— Data excerpts —
+--

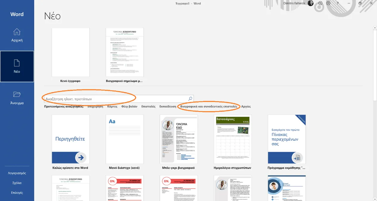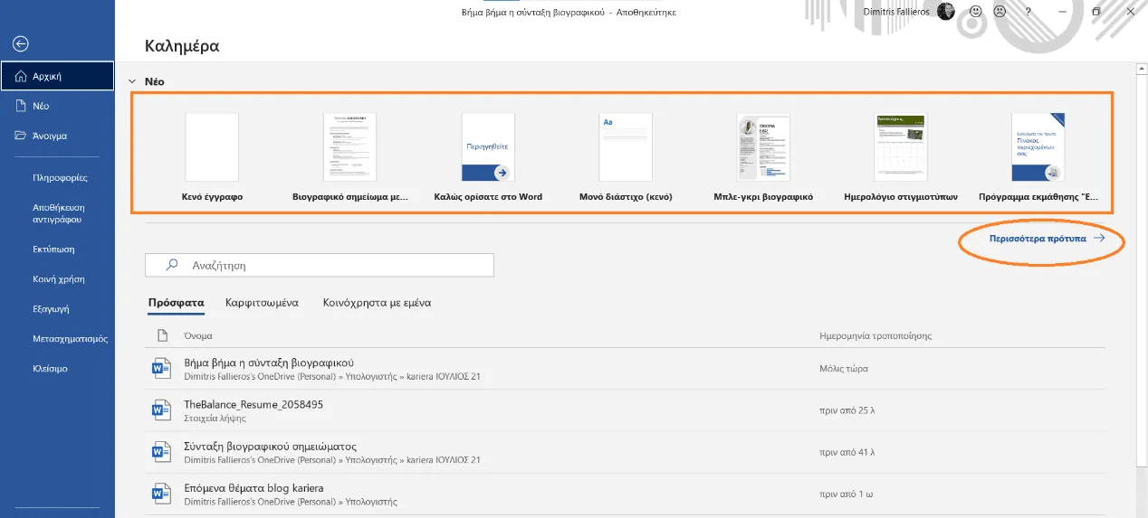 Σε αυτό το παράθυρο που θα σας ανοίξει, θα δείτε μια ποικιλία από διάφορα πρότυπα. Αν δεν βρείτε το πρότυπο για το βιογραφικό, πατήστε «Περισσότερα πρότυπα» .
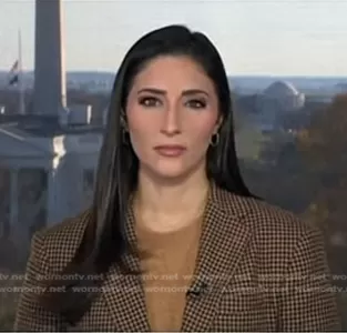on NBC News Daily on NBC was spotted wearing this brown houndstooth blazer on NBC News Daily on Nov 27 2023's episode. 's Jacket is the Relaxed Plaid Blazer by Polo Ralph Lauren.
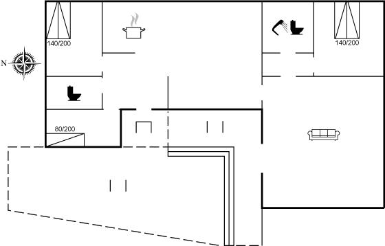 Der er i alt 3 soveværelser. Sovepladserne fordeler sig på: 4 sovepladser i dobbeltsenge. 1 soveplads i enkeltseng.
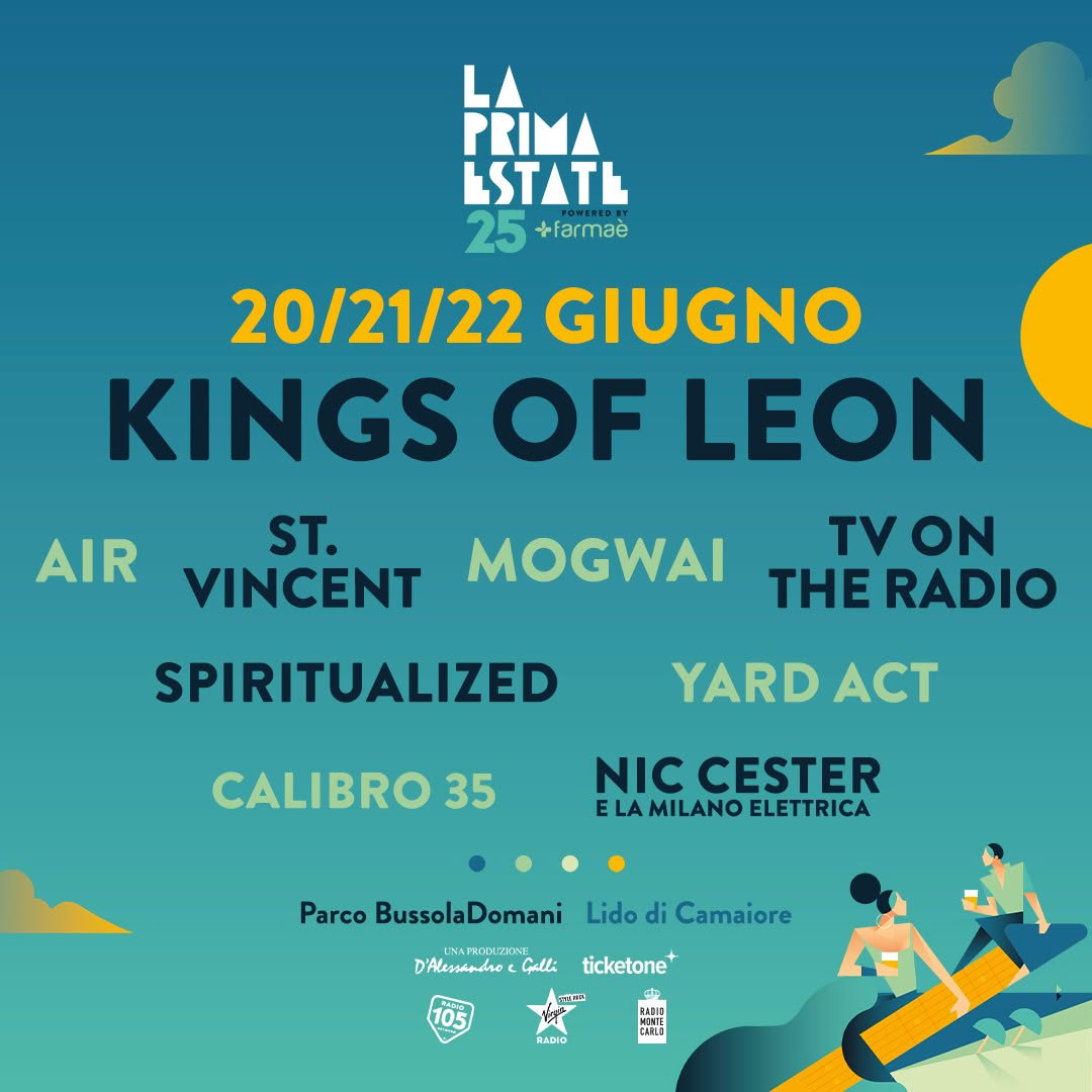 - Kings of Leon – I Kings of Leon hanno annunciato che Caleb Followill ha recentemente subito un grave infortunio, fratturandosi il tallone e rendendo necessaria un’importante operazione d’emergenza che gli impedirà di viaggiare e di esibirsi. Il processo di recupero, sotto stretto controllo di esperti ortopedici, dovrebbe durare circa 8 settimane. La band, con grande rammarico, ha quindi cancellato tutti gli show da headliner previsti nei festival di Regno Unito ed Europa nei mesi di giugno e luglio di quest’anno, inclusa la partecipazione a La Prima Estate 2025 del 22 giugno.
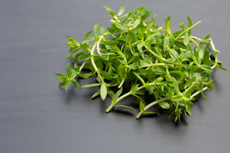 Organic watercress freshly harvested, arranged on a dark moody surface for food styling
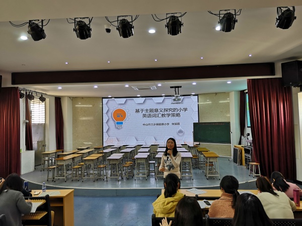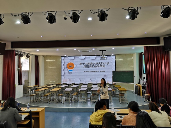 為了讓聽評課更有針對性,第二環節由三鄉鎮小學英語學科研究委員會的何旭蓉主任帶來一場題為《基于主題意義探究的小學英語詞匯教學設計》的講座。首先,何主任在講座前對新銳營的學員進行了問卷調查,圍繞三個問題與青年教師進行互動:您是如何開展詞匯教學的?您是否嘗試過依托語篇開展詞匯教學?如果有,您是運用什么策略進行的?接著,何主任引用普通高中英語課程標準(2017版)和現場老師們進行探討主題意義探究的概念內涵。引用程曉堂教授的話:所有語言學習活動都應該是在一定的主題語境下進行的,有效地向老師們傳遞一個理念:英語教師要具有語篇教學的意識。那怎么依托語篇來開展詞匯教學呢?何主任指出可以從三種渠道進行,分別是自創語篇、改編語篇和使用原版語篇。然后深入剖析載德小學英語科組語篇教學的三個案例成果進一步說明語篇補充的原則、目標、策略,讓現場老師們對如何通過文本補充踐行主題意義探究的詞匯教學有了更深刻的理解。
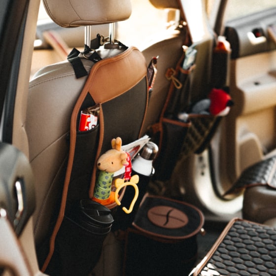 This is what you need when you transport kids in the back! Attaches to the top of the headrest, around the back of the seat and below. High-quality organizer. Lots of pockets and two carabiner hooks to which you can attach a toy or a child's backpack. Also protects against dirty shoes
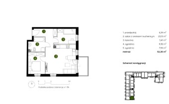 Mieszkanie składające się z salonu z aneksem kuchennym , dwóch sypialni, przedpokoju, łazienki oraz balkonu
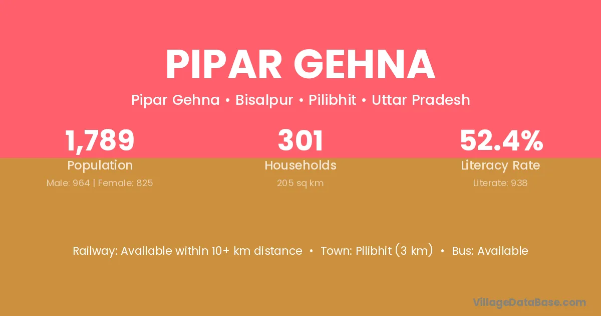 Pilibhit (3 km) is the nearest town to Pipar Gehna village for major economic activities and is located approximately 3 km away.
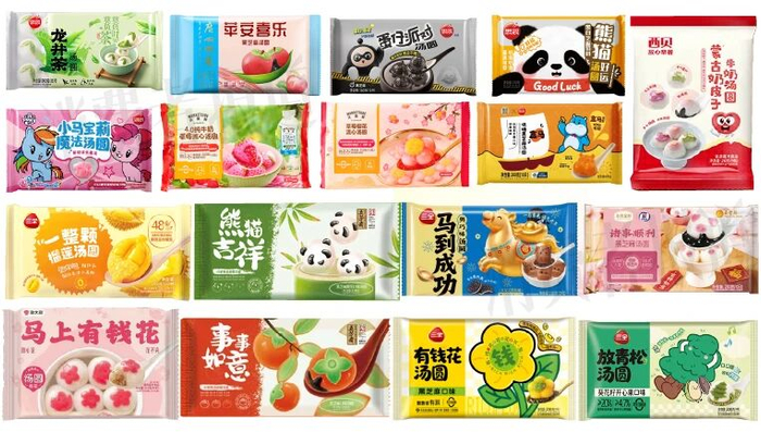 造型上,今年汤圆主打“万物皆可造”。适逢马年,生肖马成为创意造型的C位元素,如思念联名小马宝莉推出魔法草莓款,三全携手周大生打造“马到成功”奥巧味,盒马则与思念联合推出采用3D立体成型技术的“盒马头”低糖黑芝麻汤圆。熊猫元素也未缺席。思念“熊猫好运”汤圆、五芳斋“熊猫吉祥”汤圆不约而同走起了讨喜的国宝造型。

+--

— HOW TO COMPLETE THIS TASK —
Restate the records above exactly, less any pictures.

— COMPLETED EXERCISE —
 Σε αυτό το παράθυρο που θα σας ανοίξει, θα δείτε μια ποικιλία από διάφορα πρότυπα. Αν δεν βρείτε το πρότυπο για το βιογραφικό, πατήστε «Περισσότερα πρότυπα» .
on NBC News Daily on NBC was spotted wearing this brown houndstooth blazer on NBC News Daily on Nov 27 2023's episode. 's Jacket is the Relaxed Plaid Blazer by Polo Ralph Lauren.
 Der er i alt 3 soveværelser. Sovepladserne fordeler sig på: 4 sovepladser i dobbeltsenge. 1 soveplads i enkeltseng.
 - Kings of Leon – I Kings of Leon hanno annunciato che Caleb Followill ha recentemente subito un grave infortunio, fratturandosi il tallone e rendendo necessaria un’importante operazione d’emergenza che gli impedirà di viaggiare e di esibirsi. Il processo di recupero, sotto stretto controllo di esperti ortopedici, dovrebbe durare circa 8 settimane. La band, con grande rammarico, ha quindi cancellato tutti gli show da headliner previsti nei festival di Regno Unito ed Europa nei mesi di giugno e luglio di quest’anno, inclusa la partecipazione a La Prima Estate 2025 del 22 giugno.
 Organic watercress freshly harvested, arranged on a dark moody surface for food styling
 為了讓聽評課更有針對性,第二環節由三鄉鎮小學英語學科研究委員會的何旭蓉主任帶來一場題為《基于主題意義探究的小學英語詞匯教學設計》的講座。首先,何主任在講座前對新銳營的學員進行了問卷調查,圍繞三個問題與青年教師進行互動:您是如何開展詞匯教學的?您是否嘗試過依托語篇開展詞匯教學?如果有,您是運用什么策略進行的?接著,何主任引用普通高中英語課程標準(2017版)和現場老師們進行探討主題意義探究的概念內涵。引用程曉堂教授的話:所有語言學習活動都應該是在一定的主題語境下進行的,有效地向老師們傳遞一個理念:英語教師要具有語篇教學的意識。那怎么依托語篇來開展詞匯教學呢?何主任指出可以從三種渠道進行,分別是自創語篇、改編語篇和使用原版語篇。然后深入剖析載德小學英語科組語篇教學的三個案例成果進一步說明語篇補充的原則、目標、策略,讓現場老師們對如何通過文本補充踐行主題意義探究的詞匯教學有了更深刻的理解。
 This is what you need when you transport kids in the back! Attaches to the top of the headrest, around the back of the seat and below. High-quality organizer. Lots of pockets and two carabiner hooks to which you can attach a toy or a child's backpack. Also protects against dirty shoes
 Mieszkanie składające się z salonu z aneksem kuchennym , dwóch sypialni, przedpokoju, łazienki oraz balkonu
 Pilibhit (3 km) is the nearest town to Pipar Gehna village for major economic activities and is located approximately 3 km away.
 造型上,今年汤圆主打“万物皆可造”。适逢马年,生肖马成为创意造型的C位元素,如思念联名小马宝莉推出魔法草莓款,三全携手周大生打造“马到成功”奥巧味,盒马则与思念联合推出采用3D立体成型技术的“盒马头”低糖黑芝麻汤圆。熊猫元素也未缺席。思念“熊猫好运”汤圆、五芳斋“熊猫吉祥”汤圆不约而同走起了讨喜的国宝造型。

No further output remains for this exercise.